In adults and neonates, the absence of a differentiation in response to a rare and common sound with different physical properties is typically considered evidence that the two tones could not be discriminated[12,46-48]. Certainly, the brain responses of our two groups of infants show no significant evidence of a discrimination being made between the rare and common sounds in either control sequence. Thus, by these data alone, one would infer that these neonates were not able to discriminate the duration difference between 100 and 250 ms long tones. However, contexts 1 and 2 were quite clearly distinguished when the same tone sequences were concatenated alternatingly in a continuous sequence. Further, there was also indication of the rare properties being differentiated over time.

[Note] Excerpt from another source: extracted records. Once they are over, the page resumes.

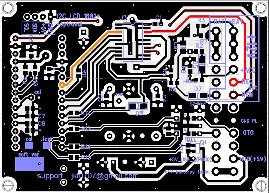 Далее, через паузу (определенную в программе процессора) после включения ACC включаем (+5V (POGO(USB)) на пого пин ( в 7-2012) либо на юсб (+5В) . Для этого включаем логическую единицу (+5В) на D2 ардуины. Напряжение идет через R16 на подпаянный на плату ДС-ДС-2 дополнительный управляющий провод (EN2). Поскольку напряжение +12В на входе уже есть, на выходе дс-дс появляется настроенное заранее питание 5,0В. Если напряжения на выходе дс-дс2 (5В) нет, а на входе (+12В) есть, следует проверить управляющее напряжение в точке EN2 (+5В), следует проверить (или временно выпаять) стабилитроны ZD1, ZD2 (могут закоротить при самостоятельной подстройке напряжения выше 5,6В) Также проверить С3, С13. Cледующая часть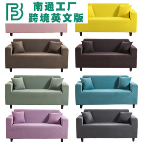 外贸跨境英文纯色摇粒绒沙发套全包玉米粒防滑沙发罩四...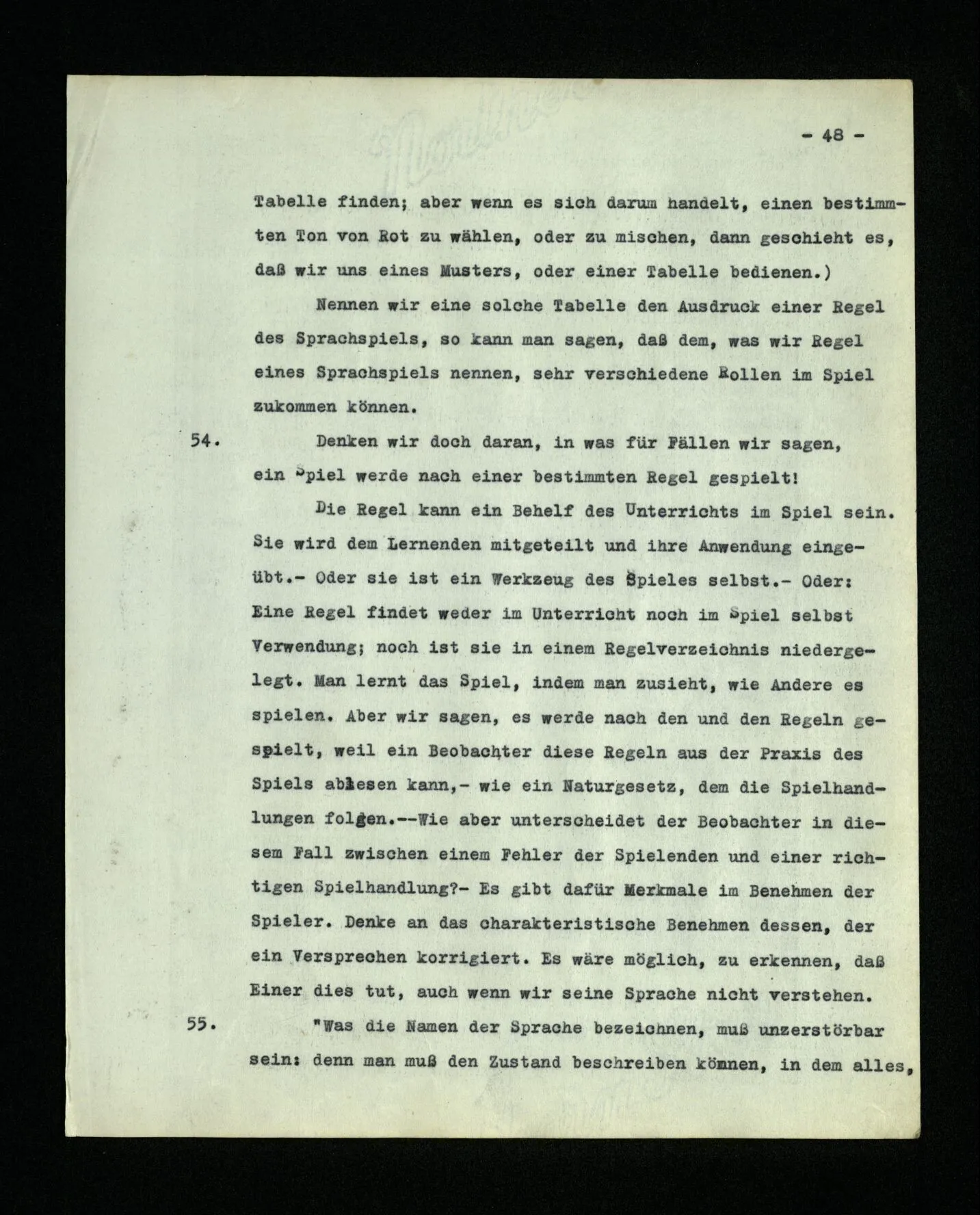 654. Unser Fehler ist, dort nach einer Erklärung zu suchen, wo wir die Tatsachen als ‘Urphänomene’ sehen sollten. D.h., wo wir sagen sollten: dieses Sprachspiel wird gespielt.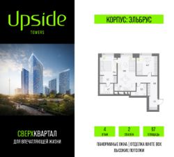 Продаётся 2-комнатная квартира площадью 67 кв.м на 4 этаже 55 этажного корпуса Эльбрус в квартале небоскребов "Upside Towers". В квартире отделка White-box, c видом на детский сад, БЦ Останкино. Номер квартиры А0405.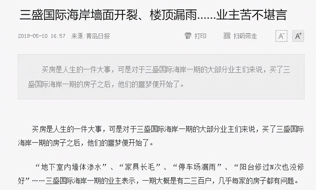 你说郊区盘卖不动也就算了,问题是鲁商在市南、崂山建的豪宅产品,那质量也是惨不忍睹,这其中以鲁商蓝岸丽舍最具代表性。青岛的各大报纸、生活在线也是多次报道,但是交房后的质量问题就是解决不了。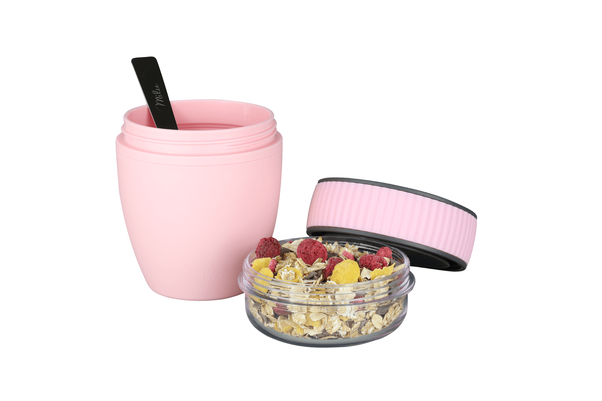 • LIEFERUMFANG - 1x Milu Müslibecher To Go 400 ml, 1x Behälter-Aufsatz 200 ml, 1x faltbaren Edelstahl-Löffel

In the alternating contexts experiment (Experiment 3), another group of newborns were presented with the same tones as those used in the control contexts, but organized into an alternating sequence, switching back and forth between periods of context 1 and 2 modelled on sequences used in adults[41,49,50] (see Fig. 1). The responses were remarkably different from those obtained in the control contexts. In Fig. 2A (right), B (right), the responses to tones presented in context 2 appear very similar to those in the control experiments, but the responses to tones in context 1 were clearly different. The morphological difference is evident in an earlier positive deflection in response to tones in context 1 of the alternating experiment: a positive shift begins approximately 100 ms earlier (that is, at about 50 ms in context 1 compared to ca. 150 ms in context 2). This morphological difference is not only evident between the context 1 and context 2 within the alternating experiment, but also between the control and the alternating context 1.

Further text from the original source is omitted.